Ненужная крепость (СИ) - Альба Александр. Страница 58
— Кто-то пусть следит за Ренефсенебом. Его нельзя оставлять одного. Только надо объяснить все правильно, а то либо этот кто-то Ренефа убъет сперепугу, либо, отведи от нас боги беду эту, если Ренеф обратится, сам погибнет. Баи оставим следить?
— Э, нет! Тутмос пусть остается, а не этот негодяй. Это ведь из-за него все случилось. Для него поинтересней найдем задачу… Баи! Бегом хромай сюда! — прорычал Хори.

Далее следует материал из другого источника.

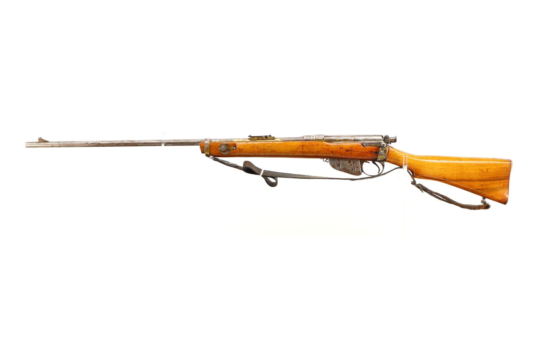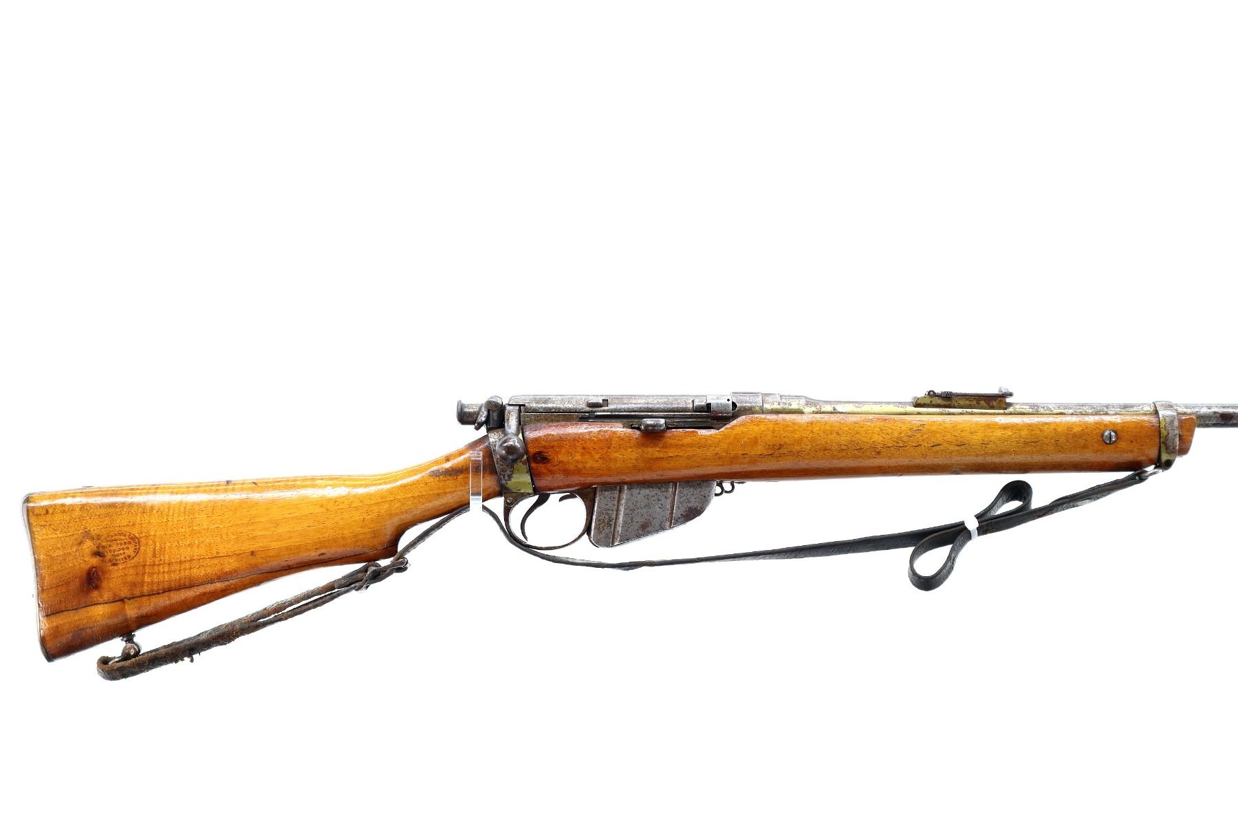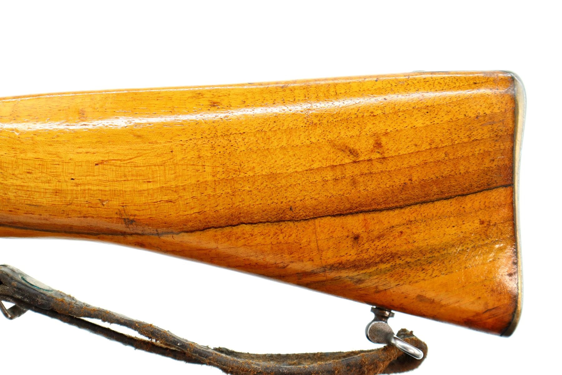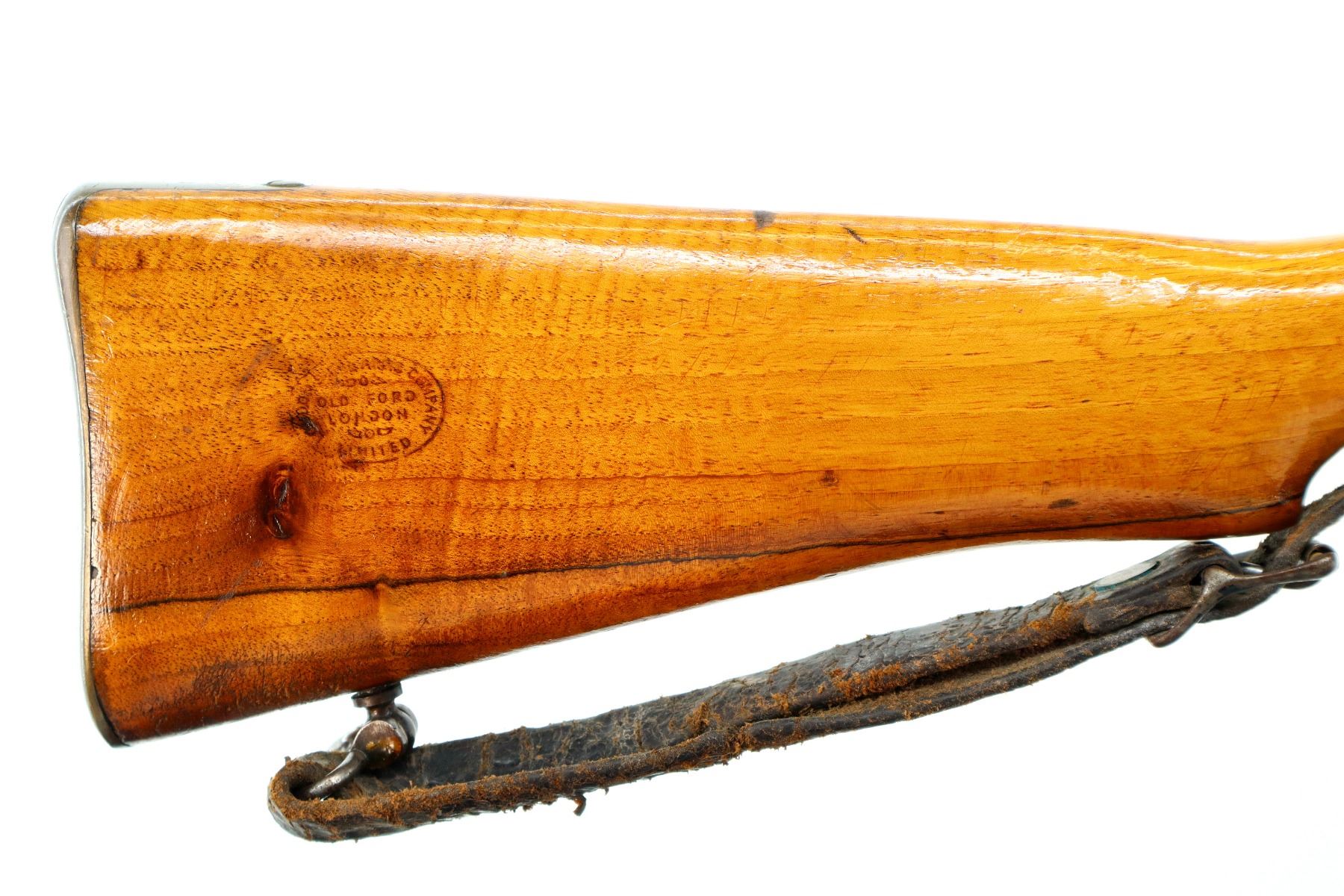 Main Description: Manufactured by BSA, Bolt Matches. Blade front sight with ramp, adjustable u notched ladder rear sight, magazine cut off, bolt has dust cover and safety on cocking piece, retains front and rear volley sights. Two piece sporterized wood stocks cracked on left side, pistol grip, smooth brass butt plate with trap, tang marked R3689, faint roundel on right of stock, sling swivels with brown leather sling

— Слуга покорный, командиры!
— Это ты-то покорный? Ты понимаешь, что все погибшие — на твоей совести? Ты — ходячее оскорбление для любого командира, а твоя щербатая и рябая рожа — уже достаточный повод для наказания! Твои преступления столь велики и ужасны, что я могу тебя казнить смертью, ты понимаешь это? Ты, правда, не растерялся и храбро бился, но это лишь немного смягчает твою вину. А до полного искупления — как отсюда до Великой пирамиды гусиным шагом! Твоё наказание, возможно, уменьшилось бы, если бы вы нашли клад! Но и тут вы вместо сокровищ откопали чудовищ этих. Вот поэтому именно ты и пойдешь первым в дыру эту, что вы пробили.
— Смилуйся, отец мой! А если там ещё есть Проклятые души?
— Вот заодно и проверишь.
На Баи было больно смотреть. Он явно испугался, да так, что даже не склонный к жалости Нехти счел нужным сказать:
— Нет там никого больше, иначе бы они на нас набросились. Не могут они устоять перед голодом своим. Мы все пойдем, но в дыру ты полезешь первым. Такое будет твое наказание.

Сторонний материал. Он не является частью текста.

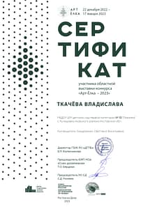 Воспитанники группы № 7 «Забавушка» Ткачёв Владислав и Андрухова Полина приняли участие в номинации «Арт-ёлочка» для детей. Под руководством педагога Бондаренко С. В. ребята выполнили ёлочки из нетрадиционных материалов, их работы были предоставлены на конкурс в отдел искусств. За участие в областной выставке дети были отмечены похвальными листами.
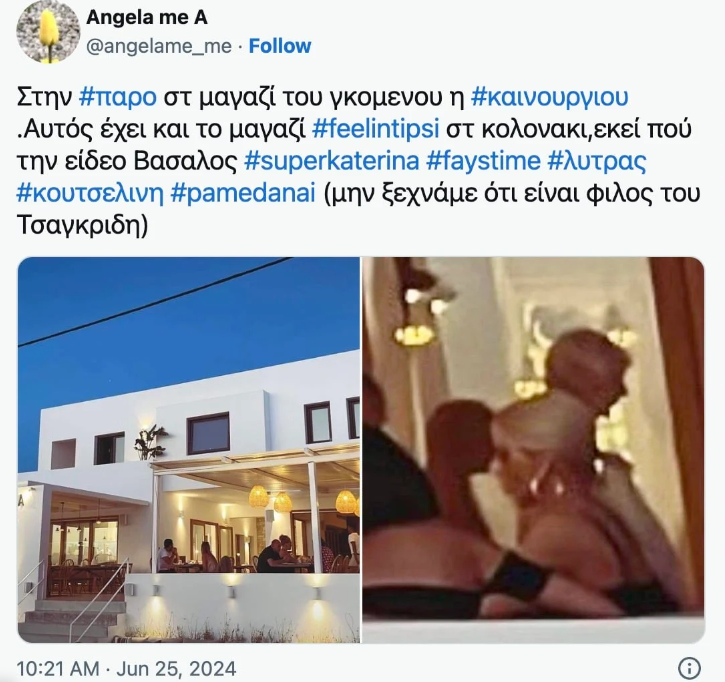Παρά την ευχάριστη εξέλιξη στην προσωπική της ζωή, η Κατερίνα Καινούργιου τηρεί διακριτική στάση, αποφεύγοντας να μοιραστεί λεπτομέρειες δημοσίως. Ωστόσο, πληροφορίες αναφέρουν ότι το τριήμερο του Αγίου Πνεύματος το ζευγάρι ταξίδεψε μαζί στην Πάρο. Εκεί, πέρασαν όμορφες στιγμές, ενώ ήταν ιδιαίτερα προσεκτικοί στις δημόσιες εμφανίσεις τους.
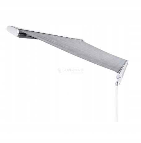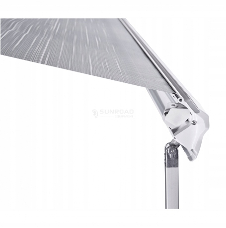 Маркет для будинків, караванів та фургонів. Довжина 3,75 м з охопленим 2,50 м, встановленим на даху. 4 Водонепроникне полотно, оптимальна довговічність. Ноги підтримки розподіляються вертикально. Система коригування касети означає, що тент ідеально закривається, навіть після багатьох років використання.
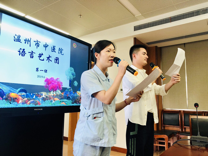 为深入学习贯彻党的十九大精神,推进全民阅读活动的开展,提高医院职工文化素养,促进培养朗诵新生力量和审美水平,6月3日中午,温州市中医院语言艺术培训班在综合楼507会议室正式开班,本次培训班特邀温州市广播电台著名播音员丹音老师授课,来自我院各个科室的20余位朗诵爱好者积极参加,共同学习朗诵艺术。
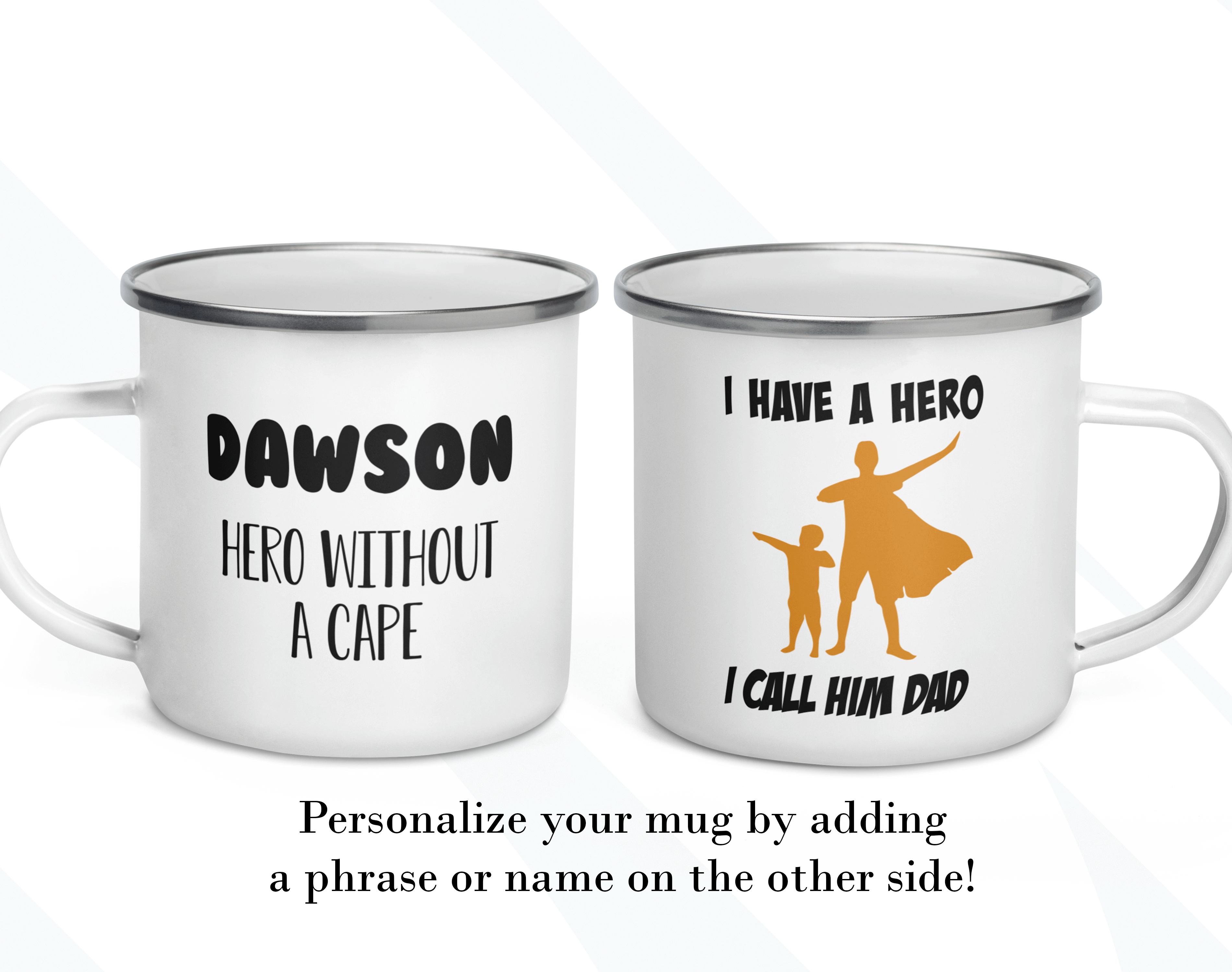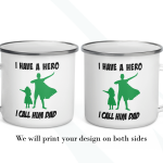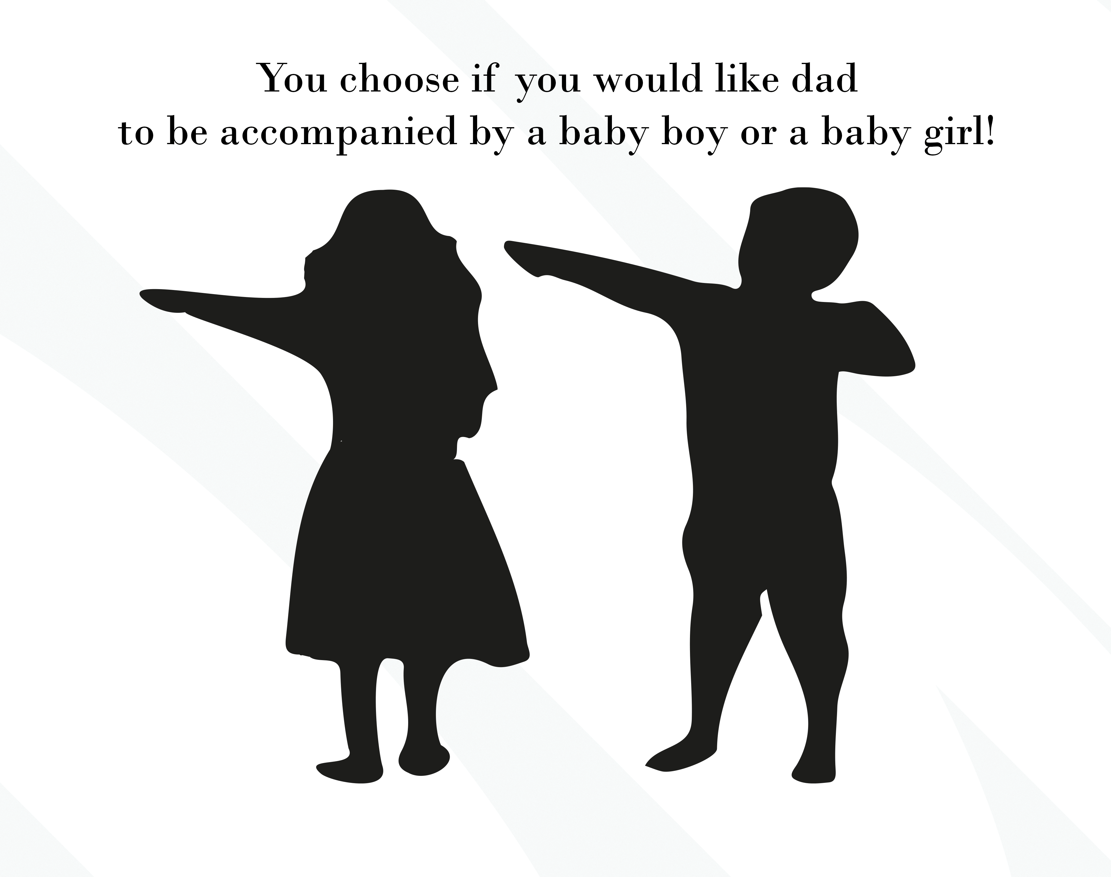 You choose if you want him to be accompanied by a baby boy or girl and the design color! By default, we will print the main design on both sides of the mug. You can put a name or phrase on the mug’s back, as in the pictures. Please help us by providing as much information as possible in the personalized text box; we will take care of the rest. If you add text, please let us know your preferred font number (the options are on the pictures). It’s your father’s gift, so you can design your personalized mug as you wish!

Тем временем Тур, взяв с пола слетевший головной платок погибшего Анхи, тщательно очистил наконечник очередной уцелевшей стрелы, а затем спустился вниз — собрать оставшиеся стрелы.
— Видишь? Негр этот не боится, а уж он-то знает про Потеряные душе больше нас всех вместе взятых. Эй, Тутмос! Собери все незажженные факелы и иди сюда!
— Слуга покорный, уже иду!
Тутмос спустился к ним с пучком факелов и уже успел обновить прогоревшие и воткнуть новые в незанятые поставцы. Стало заметно светлее. Все вокруг казалось старой картиной — припорошенной от времени пылью. Пыль, поднятая вверх их ногами, пыль, выбитая из пролома — она покрыла все. Они и сами были похожи на глиняные статуи в бедном сельском храме. Неподвижные от усталости, со спокойными от отупения после боя лицами, и такие же матово-пыльные, словно сделанные из глины и готовые, чтобы их, как водится, расписал художник. И художник, казалось, уже начал свою работу — пот проложил кривые блестящие дорожки по их телам и лицам, брызги крови, казавшейся в подземелье темнее, легли первыми глянцевыми мазками на запорошенную пылью кожу. Но какой бы темной в испуганом свете факелов не казалась кровь, брызги мертвой крови Проклятых душ и их гнилые ошметки были еще темнее. И один лишь чистенький по сравнению с ними Тутмос, нервно озиравшийся на весь этот разгром и бойню, казался не статуей, а живым человеком. Хори, подозвав, растолковал ему, что нужно внимательно смотреть за Ренефсенебом и перевязать его, но, если, храни от этого все боги, Ренеф умрет — немедленно звать его или Нехти и не подходить близко. Тем временем внизу Тур собрал уцелевшие стрелы и тщательно их очистил платком. Ищтек, Баи, Хори — все спустились в погреб, стараясь не смотреть на растерзанного солдата. Голова его была раздроблена, а может даже — разгрызена, так что даже невозможно было понять — кто это. Очевидно, из-за этого он и не превратился в ещё одного ходячего мертвеца. От второго, в проходе, остались, почитай, только ноги, даже изрядная часть костей отсутствовала — не понятно даже, как измененные успели его так быстро объесть?. Кровь уже начала сворачиваться, и в тягучих, покрытых матовой пленкой пыли лужицах появились сгустки. Желтоватые с розовым брызги мозгов на кирпичах и полу вызывали у Хори тошноту, и его долго, до желчи, выворачивало. Нехти же был просто печален.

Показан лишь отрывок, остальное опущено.